On Mon, Aug 21, 2023 at 03:17:29PM +0200, Christian König wrote:
> Am 18.08.23 um 15:13 schrieb Matthew Brost:
> > On Fri, Aug 18, 2023 at 07:27:33AM +0200, Christian König wrote:
> > > Am 17.08.23 um 19:54 schrieb Matthew Brost:
> > > > On Thu, Aug 17, 2023 at 03:39:40PM +0200, Christian König wrote:
> > > > > Am 11.08.23 um 04:31 schrieb Matthew Brost:
> > > > > > Rather than call free_job and run_job in same work item have a dedicated
> > > > > > work item for each. This aligns with the design and intended use of work
> > > > > > queues.
> > > > > I would rather say we should get completely rid of the free_job callback.
> > > > > 
> > > > Would we still have work item? e.g. Would we still want to call
> > > > drm_sched_get_cleanup_job which removes the job from the pending list
> > > > and adjusts the TDR? Trying to figure out out what this looks like. We
> > > > probably can't do all of this from an IRQ context.
> > > > 
> > > > > Essentially the job is just the container which carries the information
> > > > > which are necessary before you push it to the hw. The real representation of
> > > > > the submission is actually the scheduler fence.
> > > > > 
> > > > Most of the free_jobs call plus drm_sched_job_cleanup + a put on job. In
> > > > Xe this cannot be called from an IRQ context either.
> > > > 
> > > > I'm just confused what exactly you are suggesting here.
> > > To summarize on one sentence: Instead of the job we keep the scheduler and
> > > hardware fences around after pushing the job to the hw.
> > > 
> > > The free_job callback would then be replaced by dropping the reference on
> > > the scheduler and hw fence.
> > > 
> > > Would that work for you?
> > > 
> > I don't think so for a few reasons.
> > 
> > The job and hw fence are different structures (also different allocs too)
> > for a reason. The job referenced until it is complete (hw fence is
> > signaled) and the free_job is called. This reference is needed for the
> > TDR to work properly and also some reset flows too.
> 
> That is exactly what I want to avoid, tying the TDR to the job is what some
> AMD engineers pushed for because it looked like a simple solution and made
> the whole thing similar to what Windows does.
> 
> This turned the previous relatively clean scheduler and TDR design into a
> complete nightmare. The job contains quite a bunch of things which are not
> necessarily available after the application which submitted the job is torn
> down.
>

Agree the TDR shouldn't be accessing anything application specific
rather just internal job state required to tear the job down on the
hardware.

> So what happens is that you either have stale pointers in the TDR which can
> go boom extremely easily or we somehow find a way to keep the necessary

I have not experenced the TDR going boom in Xe.
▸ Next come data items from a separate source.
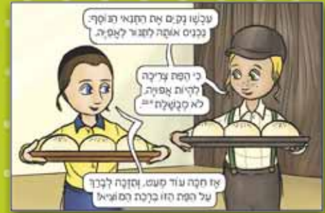
מתוך הספר "המברכים הצעירים", מאת גוינד
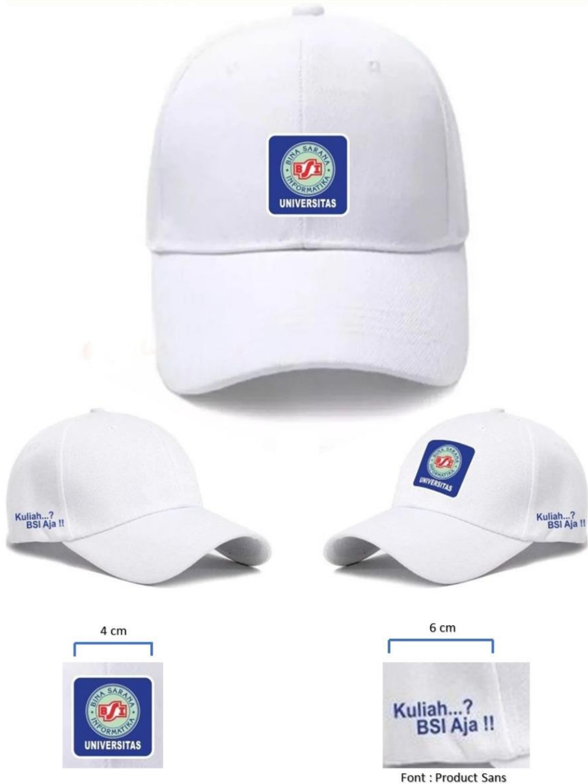
Gambar 2. Desain Topi NIM Digit Terakhir Ganjil
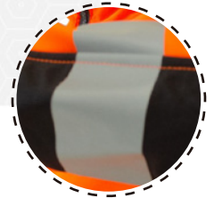
CINTAS REFLECTANTES TERMOSELLADAS DE 5 CM

Safesatis, Su diseño presenta alta preocupación de detalles y comodidad, en tus largas jornadas laborales, entregando la mejor combinación de entre calidad y confort.
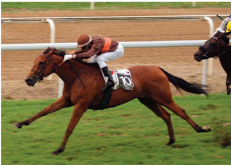
Show Gorb en el Gran Premio Milagro de 2012.
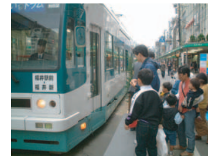
トランジットモールの実験(福井市)
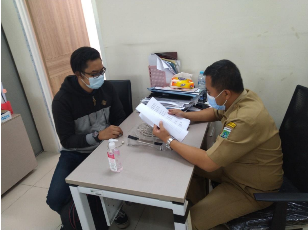
Lampiran 1.4 Pengambilan Data Di Dinas Pertanian Dan Ketahanan Pangan
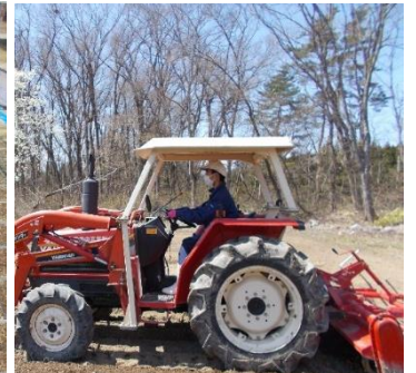
圃場準備（専攻生3年）
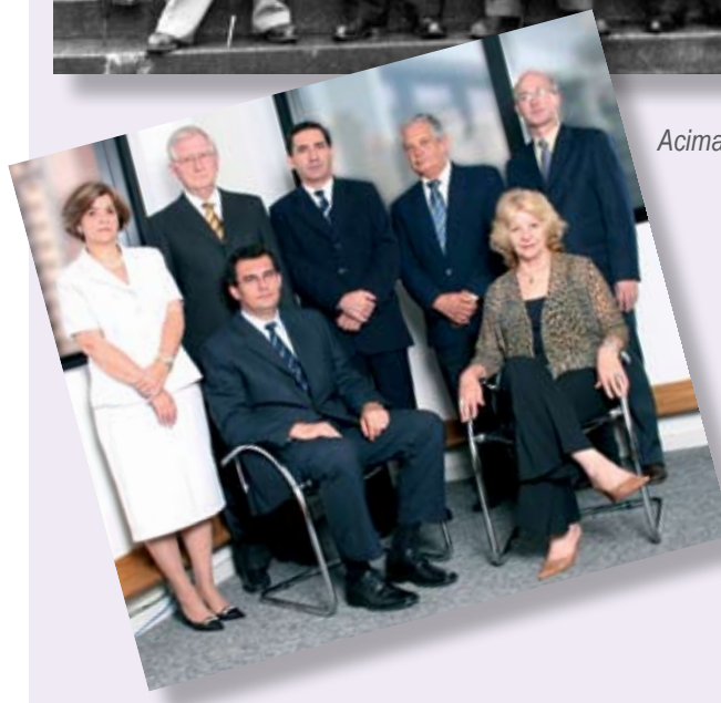
Ao lado, a atual diretoria da Afresp (2006-2008)
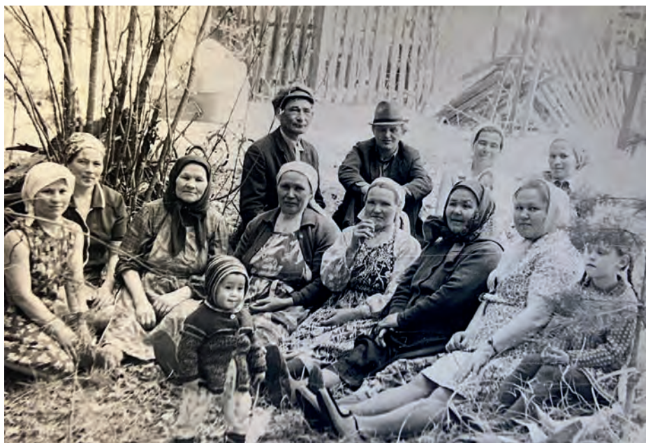
Виль Тйгырмен шай вылын тулыс кисьтон дыръя. 1977-тй ар. Виль Тйгырмен.
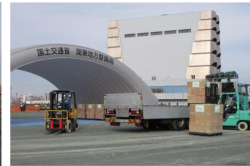
緊急支援物資荷さばき訓練 (川崎港運協会)
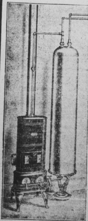
Chauffeur Automatique McClary, pour l'eau

Nous avons aussi une très belle ligne d'outils pour menuisier à des prix qui vous étonneront.
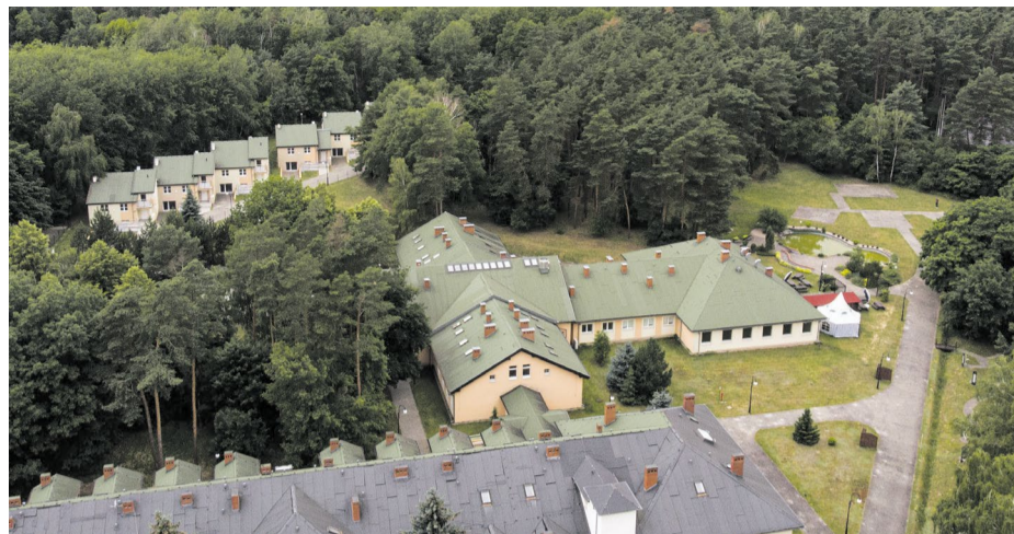
Dom Pomocy Społecznej w Lisówkach dysponuje szeroką ofertą usług. W Lisówkach działa też pierwszy w Wielkopolsce dom dla samotnych rodziców z dziećmi

Dom Pomocy Społecznej w Lisówkach dysponuje szeroką ofertą usług skierowaną do seniorów wymagających pomocy instytucjonalnej. Dom świadczy całodobowe, kompleksowe usługi opiekuńcze, pielęgnacyjne i wspomagające. Od pewnego czasu działa tam również, pierwszy w Wielkopolsce, dom dla samotnych rodziców z dziećmi. Osoby tam trafiające mogą liczyć nie tylko na schronienie, ale także na pomoc psychologiczną, socjalną czy prawną. Chcemy dać im szansę na nowy początek, z dala od toksycznego środowiska, w którym zazwyczaj żyją. Decyzja o powstaniu takiego miejsca to kolejny element polityki społecznej, na którą w powiecie poznańskim kładziemy bardzo duży nacisk.
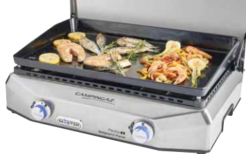
Master Plancha EX 3000004799

10 Jahre Garantie gegen Durchrostung auf die Edelstahlbrenner und die emaillierte, gusseiserne Planchaplatte
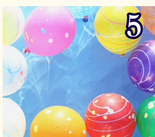
5 8月28日 (金) 夏まつり
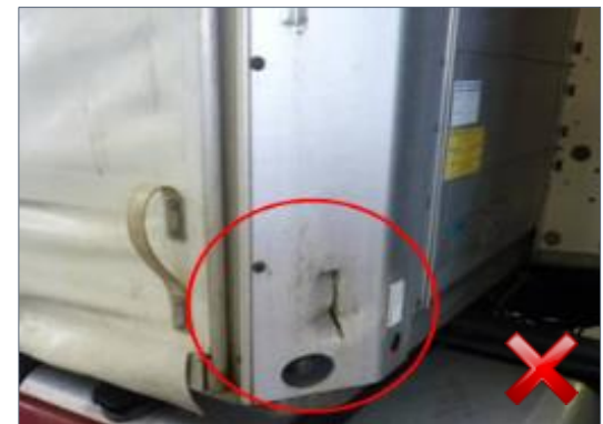
Berechnungsart: Erneuerung (100%)
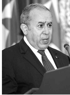
قمة ملايو أجهضت محاولات تمزيق الصفوف

في هذا الصدد حرص السيد بلاتي، على تذكير دوفراني بأن
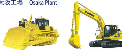
大阪工場 Osaka Plant
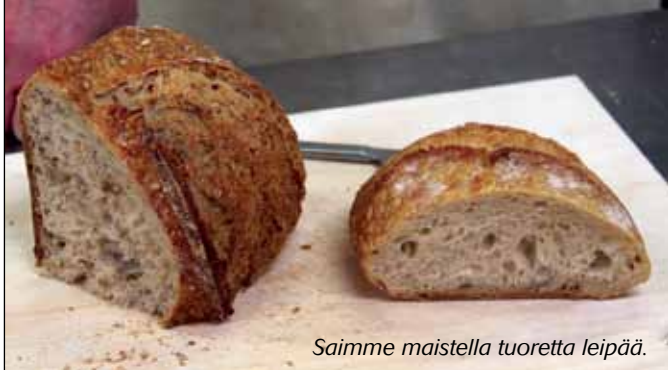
Saimme maistella tuoretta leipää.
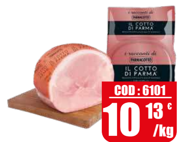
PARMACOTTO COTTO PARMACOTTO
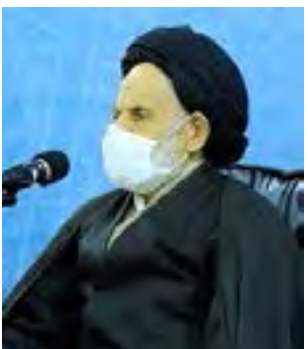
خبرنگار: مسعود حیدری

خوانندگان عزیز می توانند نظرات و پیشنهادات خود را در مورد مطالب این صفحه با ذکر تیتراژ مطلب به شماره ۰۹۹۹۶۵۰۰۰۷۶۵۰۰ پیامک یا به شماره ۰۹۳۸۲۲۲۰۷۷۰ تلگرام نمایند. آدرس کانال روزنامه: @emroozkhj
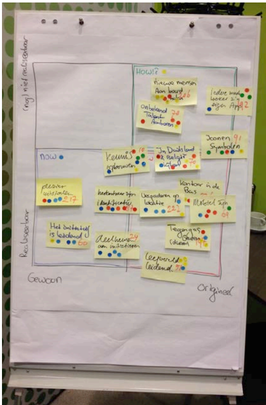
Figuur 04 De circa 15 ideeën die het meest scoorden na de prioriteringsronde gepositioneerd in een matrix.

NOW (ideeën die snel door te voeren zijn, laag risico, veel draagvlak, weinig inspanning)
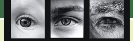
Comenius • Erasmus • Leonardo da Vinci • Grundtvig
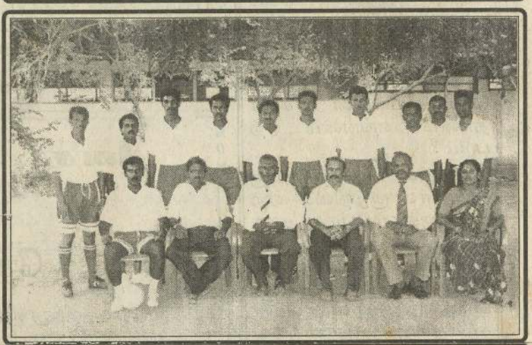
இலங்கைத் தமிழர் ஆசிரியர் சங்கத்தின் யாழ்ப்பாணம் மாவட்டக் கிணையினரால் நடத்தப்பட்ட கர்ப்பந்தாட்டப் போட்டியில் முதலிடம் பெற்ற ஆசிரியர் கலாசாலை அணியினரைப் படத்தில் காணலாம்.

யாழ்ப்பாணம்-கண்டி... கோரியுள்ள 3அரைக் கோடி ரூபாவை வழங்கி பாதை திறப்பதற்கு வேண்டிய பாதுகாப்பு ஏற்பாடுகளை மேற்கொள்ளுமாறும் பிரதமர் உத்தரவிட்டுள்ளார். பாதைதிறப்பதற்கான பணத்தையும் இராணுவச் சோதனைச் சாவடிகள் மற்றும் கட்டடங்கள் அமைப்பதற்கான பணத்தையும் புனர்வாழ்வு அமைச்சில் கடனாகப் பெற்றுக்கொள்ளுமாறும், கண்டியாழ்ப்பாணம் வீதி திறப்பது தொடர்பாக இந்து கலாசார அமைச்சர் தி.மகேஸ்வரனுடன் தொடர்பு கொண்டு அவருடன் கலந்தாலோசித்து மேலதிக நடவடிக்கைகளை எடுக்குமாறும் பிரதமர் பணித்துள்ளார். யாழ்ப்பாணம் வீதி திறப்பது தொடர்பாக பாதுகாப்பு அமைச்சர் திலக்மாரப்பனவும் முப்படைத் தளபதிகளும் கடந்த ஞாயிற்றுக்கிழமை எழுதுமட்டுவாளுக்குச் சென்று இராணுவத்தினருடன் கலந்துரையாடியமை தெரிந்ததே. இதே வேளை, கடந்த மாதம் 15 ம் திகதி வவுனியாவில் இருந்து கிளிநொச்சி வரையிலான கண்டிவீதி பயணிகள் போக்குவரத்திற்கு திறந்து விடப்பட்ட சமயம் யாழ்ப்பாணத்திற்கான பாதைத் திறப்பில் இழுபறிநிலை காணப்பட்டமையும் இங்கு குறிப்பிடத்தக்கது. (வ)
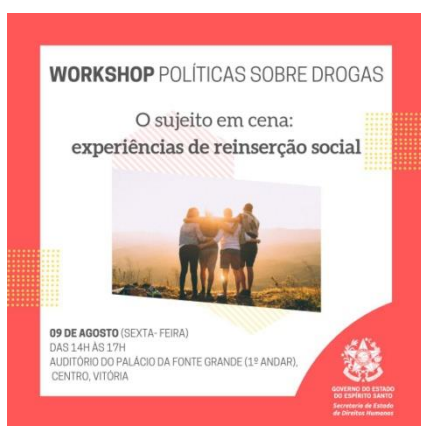
Figura 13: Divulgação do Workshop Políticas sobre Drogas – O sujeito em cena: experiências de reinserção social, 09 de agosto de 2019
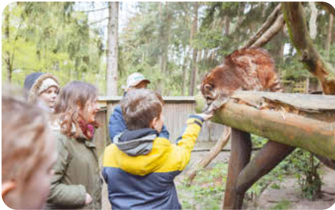
Hautnah erleben die Kinder die Tierwelt im Wildpark.

Springt jemand so weit wie der Schneeleopard? Und wer hat den besten Riecher? Hier gilt es, Geschicklichkeit unter Beweis zu stellen und man lernt obendrein jede Menge über die besonderen Fähigkeiten der Tiere.
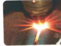
CNC Plasma Cutting Machine
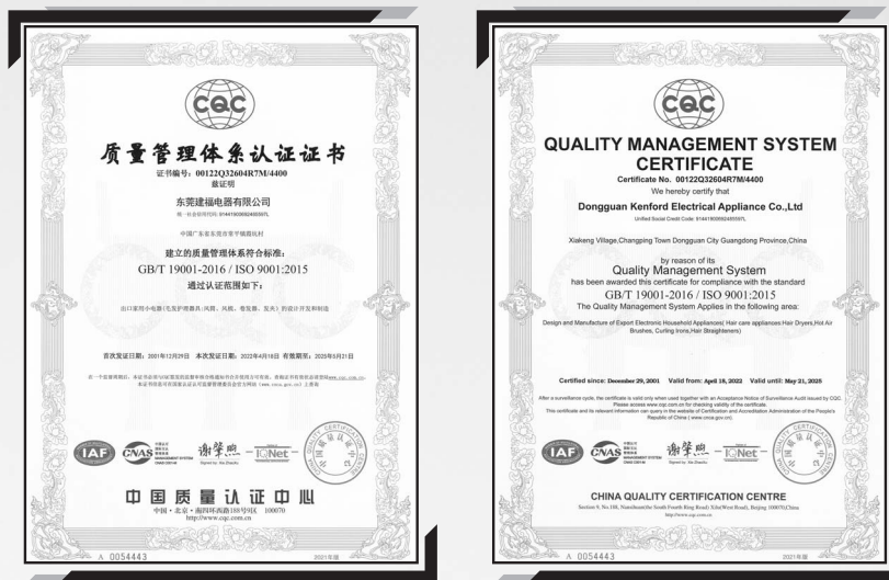
東莞建福取得ISO 9001質量管理體系認證， 有效期由2022年4月18日至2025年5月21日 (自2001年12月起取得)

本集團亦強制要求所有賣家及業務夥伴遵守RoHS指令規定。此外，本集團的生產過程符合當地的環保法規。
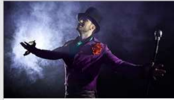
Featured Guest Entertainers
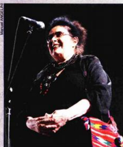
Božidarka Frait u Areni

Glumica Božidarka Frait, koja ove godine glumi u filmu "Korak po korak", ovogodišnji je laureat nagrade Vladimir Nazor za životni doprinos filmskoj umjetnosti. - Kada sam jučer došla nagradu u Areni, bio je to fantastičan osjećaj. To je nepovljivo, a tako odgojenu i ljubaznu publiku nikad nisam vidjela. Kao glumica nisam nikad gledala je li uloga koja mi je ponuđena mala ili velika. U filmu ili jesi ili nisi. Čak i u minijaturi treba dati sve od sebe kao da je uloga velika. Rado prihvaćam uloge u filmovima debitanta i voljela bih da ih je što više. Nadam se da ćemo naći novaca i dati im priliku da se dokažu, kazala je Frait na jučerašnjoj konferenciji za novinare u Circolu.

> structures (which include struct thread_info and struct file for this driver
> connection) alive until all submissions are completed.
> 

In Xe we keep everything alive until all submissions are completed. By
everything I mean the drm job, entity, scheduler, and VM via a reference
counting scheme. All of these structures are just kernel state which can
safely be accessed even if the application has been killed.

If we need to teardown on demand we just set the TDR to a minimum value and
it kicks the jobs off the hardware, gracefully cleans everything up and
drops all references. This is a benefit of the 1 to 1 relationship, not
sure if this works with how AMDGPU uses the scheduler.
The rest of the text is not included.